To evaluate the safety, efficacy and tolerability of sparsentan oral suspension and assess changes in proteinuria after once-daily dosing over the 108-week treatment period. To evaluate long-term safety, tolerability, and efficacy with pharmacokinetic evaluations at Day 1 (Baseline), Day 2 (Visit 3), and Week 12 (Visit 9). To evaluate the long-term safety, antiproteinuric, and nephroprotective effects of sparsentan in pediatric patients.
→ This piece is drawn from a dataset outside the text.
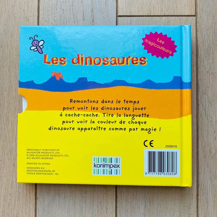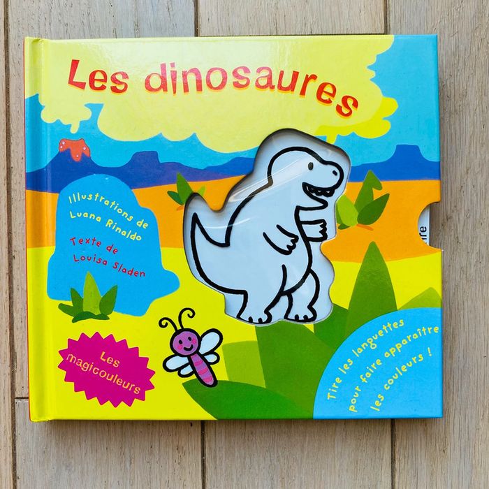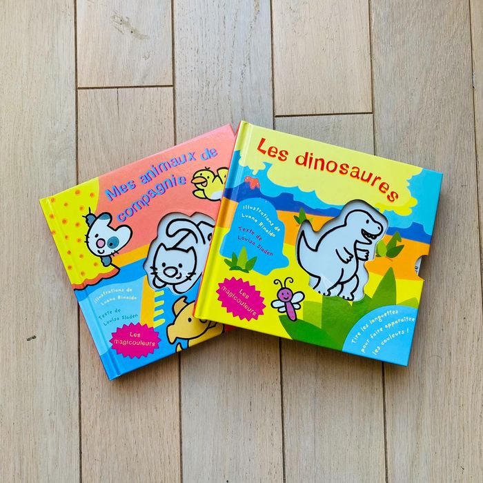 lot de 2 livres : 1 sur les dinosaures et 1 sur les animaux de compagnie livre idéal pour jouer et apprendre les couleurs avec les enfants sur chaque page il va devoir deviner la couleur de l’animal jeux ludiques état : neuf

To examine the safety and long-term antiproteinuric and nephroprotective potential of SPAR in pediatric patients with FSGS, minimal change disease (MCD), IgAN, IgA vasculitis (IgAV), and Alport syndrome (AS).

CT.gov Identifier
NCT05003986
EudraCT Identifier
2021-000621-27
CTIS:
2023-505497-14-00
Sponsor
Travere Therapeutics
Collaborator
N/A
Study Contact Information
+1 888 969 7879
Recruiting
Contact Us

Study Details

Diseases
Alport syndrome
IgA nephropathy
Focal Segmental Glomerulosclerosis
Study Drug
Sparsentan
Genes
COL4A4
COL4A3
Study Dates
Aug 2021 - Mar 2027
Sex
Female & Male
Age
1 - 17 Years
Inclusion and Exclusion Criteria
Inclusion Criteria:
  • Inclusion Criteria for All Subjects (All Three Populations):
  • A subject must meet all of the following criteria to be eligible for participation in this study:
  • The subject or parent/legal guardian (as appropriate) is willing and able to provide signed informed consent/assent, and where required, the subject is willing to provide assent before any screening procedures per local requirements.
  • The subject has an estimated glomerular filtration rate (eGFR) ≥30 mL/min/1.73 m2 at screening.
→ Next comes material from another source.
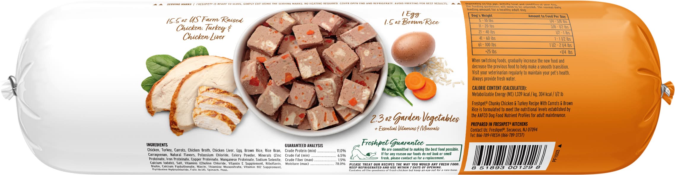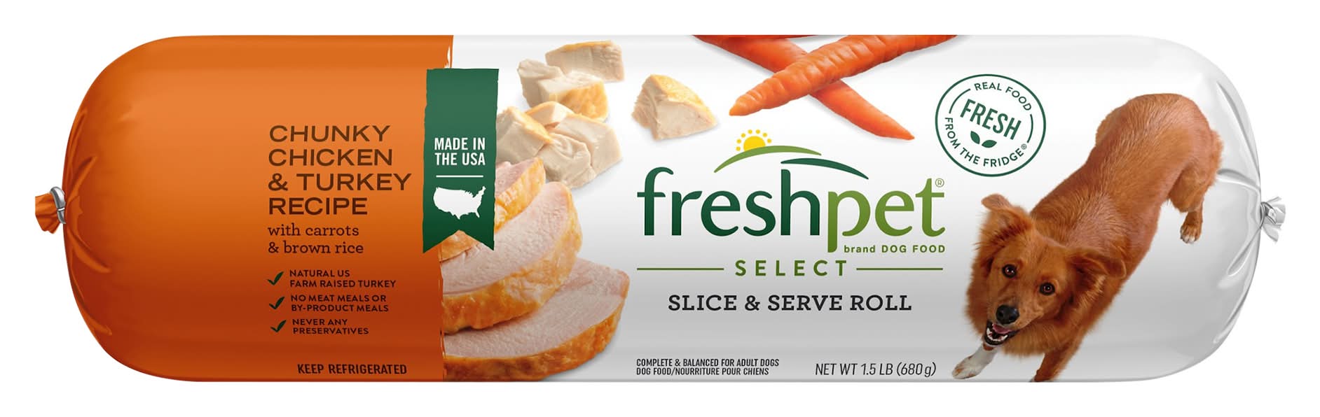 Freshpet Select Slice & Serve Roll Chunky Chicken & Turkey Recipe Dog Food, Adult (1.5 lbs)

  • The subject has a mean seated blood pressure between the 5th and 95th percentile for sex and height.
  • Inclusion Criteria for Population 1:
  • The subject is male or female ≥1 year at screening and <18 years of age at Day 1 (Baseline).
  • The subject has a UP/C ≥1.5 g/g (170 mg/mmol) at screening AND one of the following:
  • Kidney biopsy-proven FSGS or MCD histological patterns and clinical presentation consistent with primary FSGS or MCD and qualifying proteinuria at screening despite history or ongoing treatment with corticosteroids and/or other immunosuppressive disease-modifying agents.
  • Documentation of a genetic mutation in a podocyte protein associated with FSGS or MCD. Subjects with a documented podocytic mutation do not require kidney biopsy.
  • Kidney biopsy-proven FSGS histological pattern with medical history and clinical presentation consistent with maladaptive cause of the lesion.
  • Note: The kidney biopsy may have been performed at any time in the past but must include light microscopy and electron microscopy characteristics and/or immunofluorescence findings consistent with FSGS or MCD.
  • Inclusion Criteria for Population 2:
  • The subject is male or female ≥2 years at screening and <18 years of age at Day 1 (Baseline).
  • The subject has UP/C ≥0.6 g/g (68 mg/mmol) at screening AND one of the following diagnoses:
  • Kidney biopsy-confirmed IgAN, IgAV, or AS
  • Diagnosis of AS by genetic testing (pathogenic X-linked Collagen, Type IV, Alpha-5 (COL4A5) mutation OR autosomal-recessive mutations in both alleles of Collagen, Type IV, Alpha-3 (COL4A3) and/or Collagen, Type IV, Alpha-4 (COL4A4) OR autosomal-dominant COL4A3 and/or COL4A4 and digenic mutations [ie, simultaneous mutations in 2 of the COL4A3, COL4A4, and COL4A5 genes])
  • Inclusion Criteria for Population 3:
  • The subject is male or female ≥8 years at screening and <18 years of age at Day 1 (Baseline).
  • The subject has UP/C ≥1.0 g/g (113 mg/mmol) at screening AND has kidney biopsy-confirmed IgAN
  • Subject weighs ≥40 kg
  • The subject has been on ACEI and/or ARB therapy for at least 12 weeks prior to screening
Exclusion Criteria:
  • A subject who meets any of the following will be excluded from this study:
  • The subject weighs <7.3 kg at screening.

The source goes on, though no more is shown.